Bibtek download is not available in the pre-proceeding
Yi Hu, Chaoran Zhang, Edward Andert, Harshul Singh, Aviral Shrivastava, James Laudon, Yanqi Zhou, Bob Iannucci, Carlee Joe-Wong
Careful placement of a distributed computational application within a target device cluster is critical for achieving low application completion time. The problem is challenging due to its NP-hardness and combinatorial nature. In recent years, learning-based approaches have been proposed to learn a placement policy that can be applied to unseen applications, motivated by the problem of placing a neural network across cloud servers. These approaches, however, generally assume the device cluster is fixed, which is not the case in mobile or edge computing settings, where heterogeneous devices move in and out of range for a particular application.

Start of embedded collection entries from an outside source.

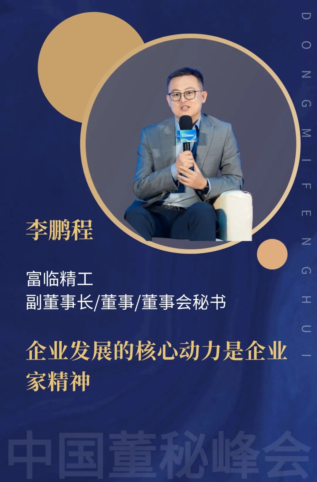 李鹏程先生—富临精工股份有限公司董事、副董事长兼董事会秘书。 曾任职于国泰君安证券投资银行部,历任陕西金叶科教集团董事局主席秘书、诺德新材料副总经理兼董秘等职位。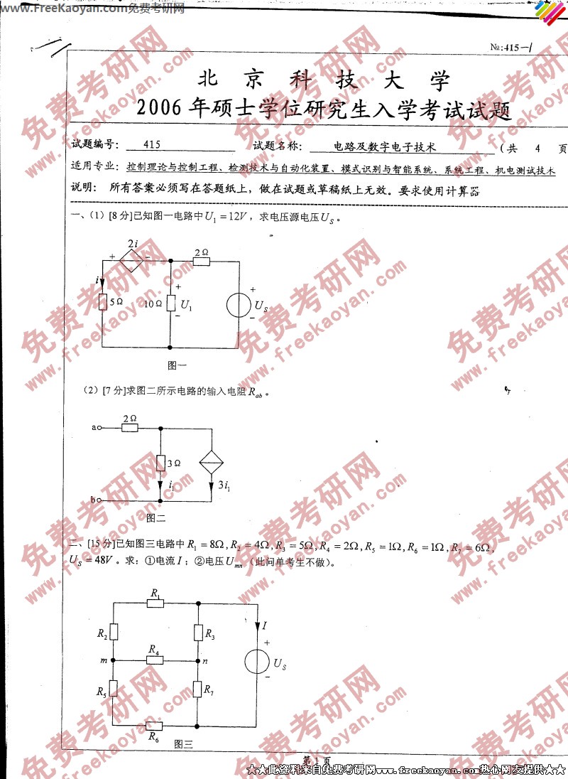 专业课考研经验 本站小编 FreeKaoyan 2018-01-23北京科技大学2004年考研真题-单考数学
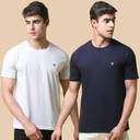 Tee Projekt Pack of 2 Men Solid Round Neck Cotton Blend White T-Shirt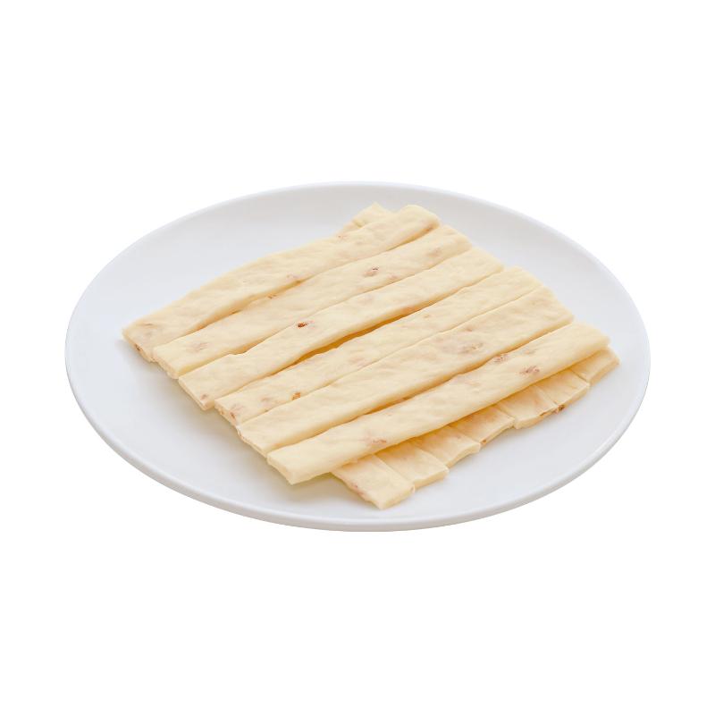 素材 | <原材料> 牛皮、鶏ササミ、たん白加水分解物、加工でんぷん <保証成分> たん白質63.5%以上、脂質0.1%以上、粗繊維0.5%以下、灰分3.0%以下、水分20.0%以下 <エネルギー> 327kcal/100g |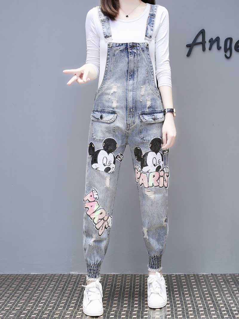 The Falling in Love Denim Overall Dungaree is the perfect addition to your summer wardrobe! Made from denim fabric. this overall features a Mickey Mouse print and has a feminine tone of voice. The overall is lightweight and perfect for warm-weather wear.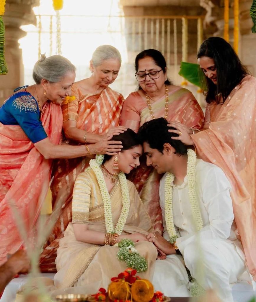 अदिति और सिद्धार्थ की शादी पारंपरिक रीति-रिवाजों के अनुसार हुई। अदिति ने इस मौके पर गोल्डन रंग की एक बेहद ही सादी लेकिन खूबसूरत साड़ी पहनी, जिसे उन्होंने नथ, झुमके, चूड़ियां और चोकर नेकलेस के साथ कंप्लीट किया। वहीं सिद्धार्थ ने सफेद कुर्ता और लुंगी पहनकर अपने लुक को बेहद सिंपल और क्लासिक रखा। दोनों के सादगीपूर्ण लुक की सोशल मीडिया पर जमकर तारीफ हो रही है। उनकी शादी की तस्वीरों ने फैन्स का दिल जीत लिया है, जहां दोनों की सादगी और प्यार साफ नजर आ रहा है।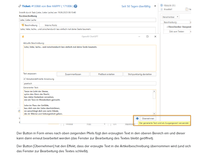 Ticket description with "AI" option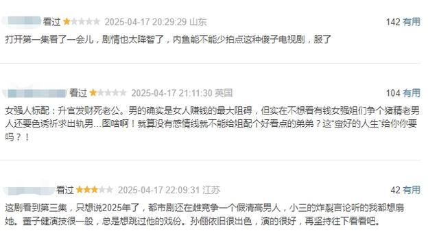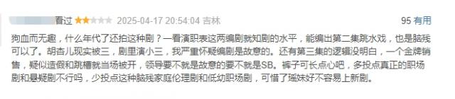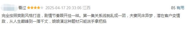 还有网友评论很犀利,觉得这部剧狗血而无聊,剧情降智,小三言论爆裂,说实在不想看这样的雌竞剧情。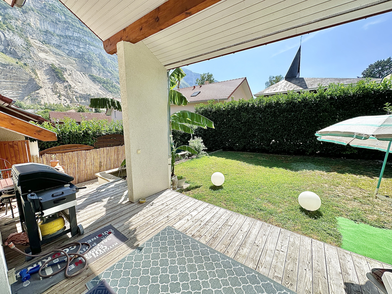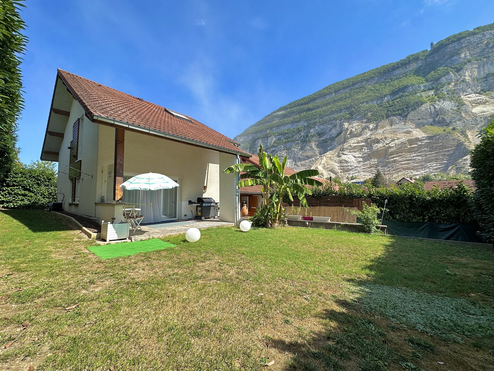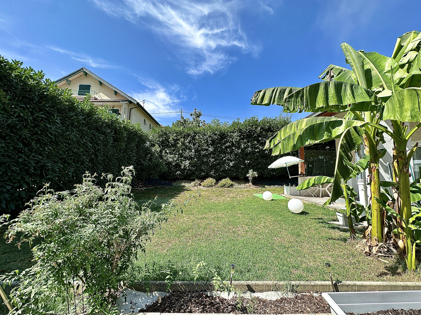 •Un Accès direct à une terrasse et à un spacieux jardin exposé sud-ouest avec une vue imprenable sur le Salève.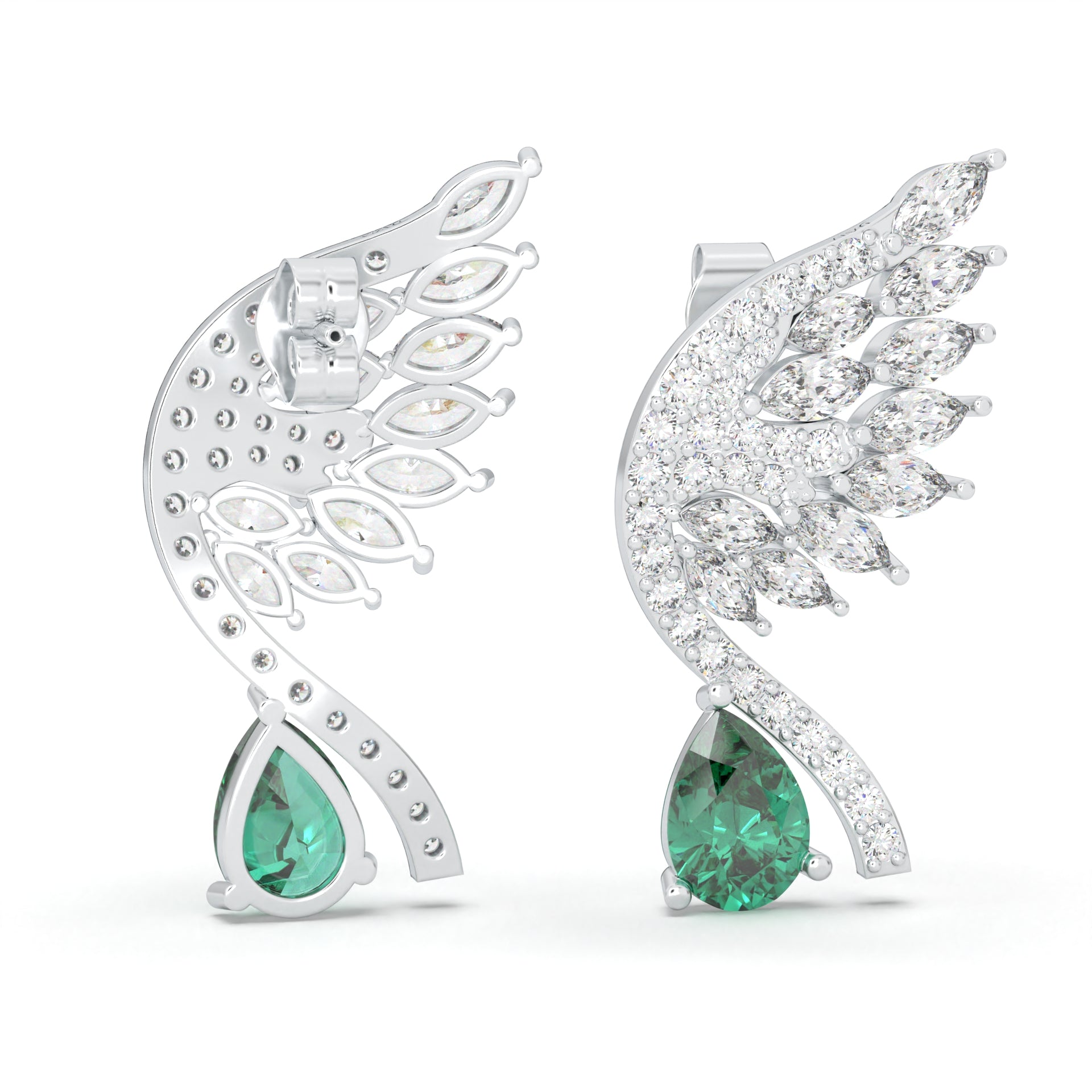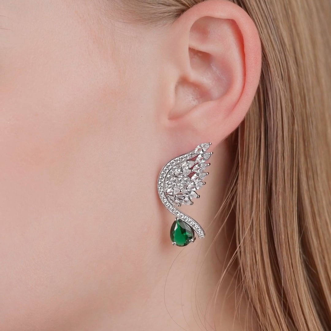 The 'Heroic Phoenix Wings' earrings are a bold statement of courage and triumph. Featuring a striking design of the phoenix’s wings in full flight, each earring is adorned with diamonds that shine like embers from a newly ignited flame.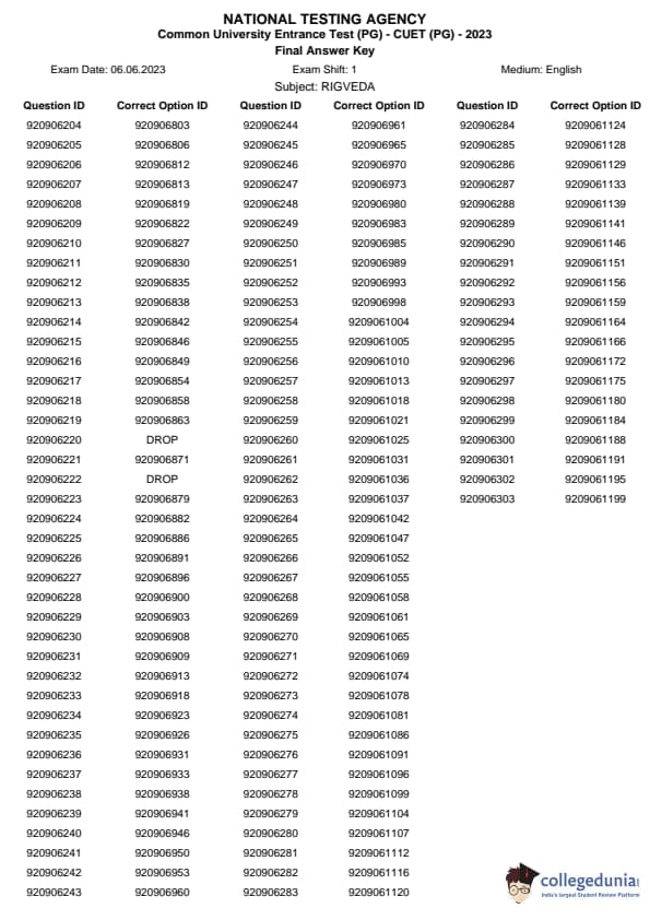 | CUET PG Rigveda Question Paper 2023 PDF | CUET PG Rigveda Answer Key 2023 PDF |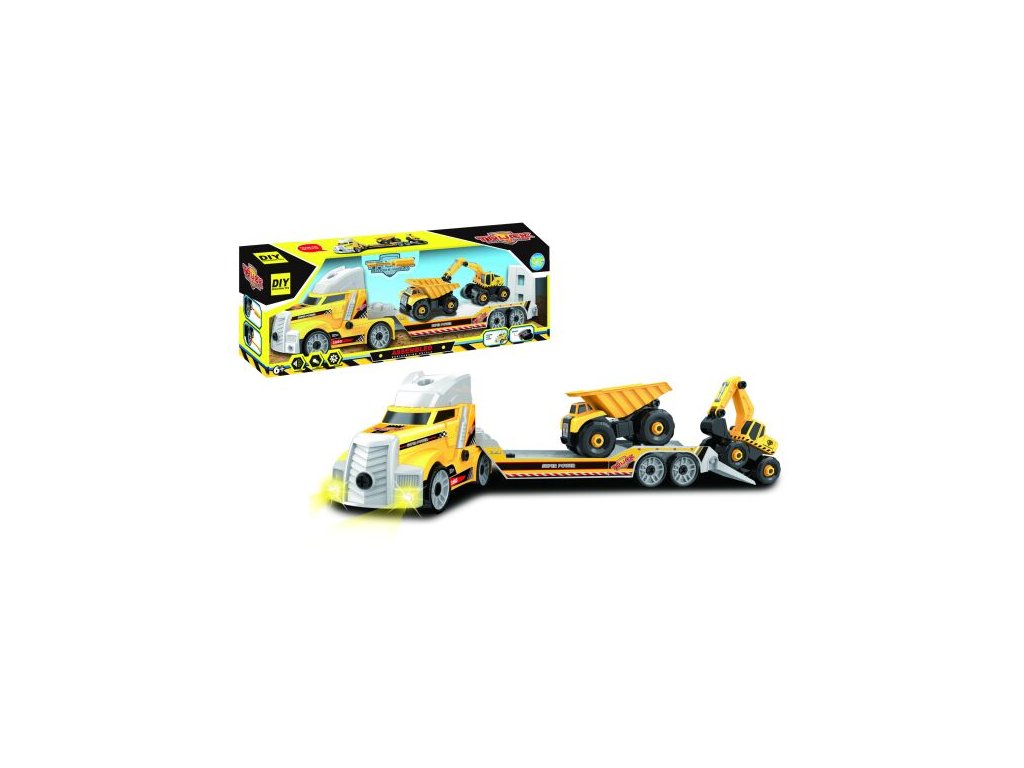 Rozměry tahače 62x10x15 cm. Volná kola. Balení obsahuje tahač a 2 stavební stroje 16 cm (sklápěč, bagr), křížový šroubovák (v rukojeti je klíč na matice). Vydává světelné a zvukové efekty. Aktivace efektů se provádí ON/OFF přepínačem na spodní straně tahače. Typ a počet baterií: 3xAG13 baterie součástí - tahač.Doplňkové parametry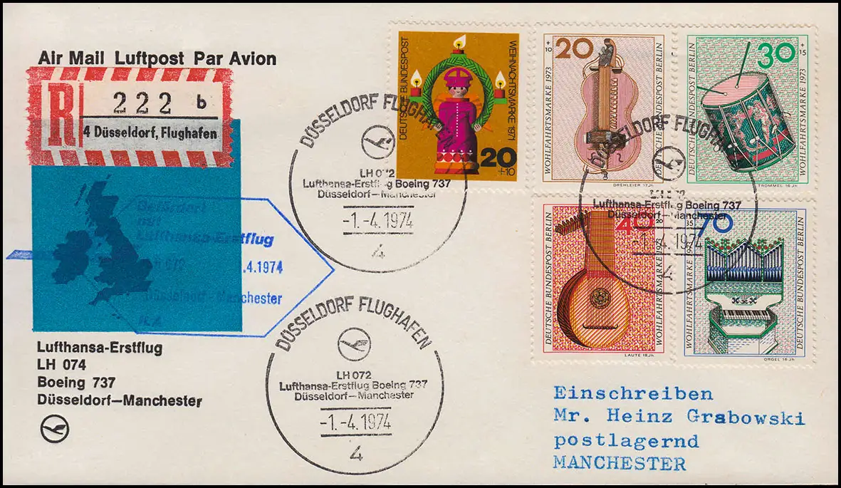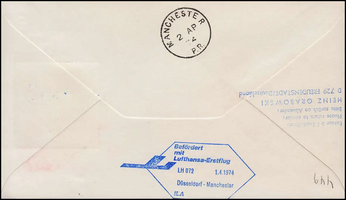 R-Lettre Lufthansa Premier vol LH 074 Boeing 737 DUSSELDORF/ MANCHESTER 1.4.1974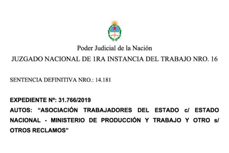 El Ministerio de Producción y Trabajo de la Nación convalidó la facultad del Consejo Directivo Nacional de ATE para crea...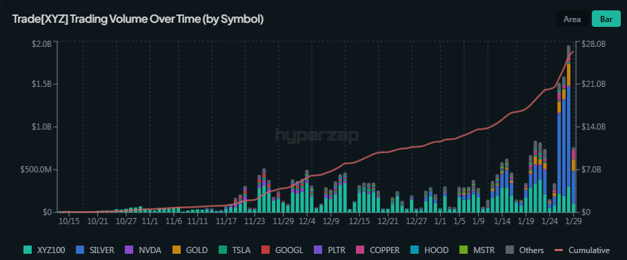 HIP-3 reached peak trading volumes driven by the sudden interest in a new silver-based perpetual futures pair. | Source: HIP-3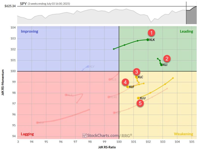 The weekly Relative Rotation Graph continues to show strength in the technology sector within the leading quadrant. Industrials is also maintaining its position in the leading quadrant, with a very short tail, indicating a consistent relative uptrend.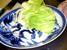大皿に、大きく切ったキャベツを奥にこんもりと盛る |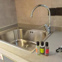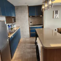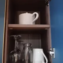 В номере большая удобная кровать, небольшая кухня с индуктивной плитой и микроволновкой, холодильник. Санузел чистый и новый.

To address the challenge of scaling to different-sized device clusters and adapting to the addition of new devices, we propose a new learning approach called GiPH, which learns policies that generalize to dynamic device clusters via a novel graph representation gpNet that efficiently encodes the information needed for choosing a good placement, and a scalable graph neural network (GNN) that learns a summary of the gpNet information. GiPH turns the placement problem into that of finding a sequence of placement improvements, learning a policy for selecting this sequence that scales to problems of arbitrary size. We evaluate GiPH with a wide range of task graphs and device clusters and show that our learned policy rapidly finds good placements for new problem instances. GiPH finds placements that achieve up to 30.5% better makespan, searching up to 3 times faster than other search-based placement policies.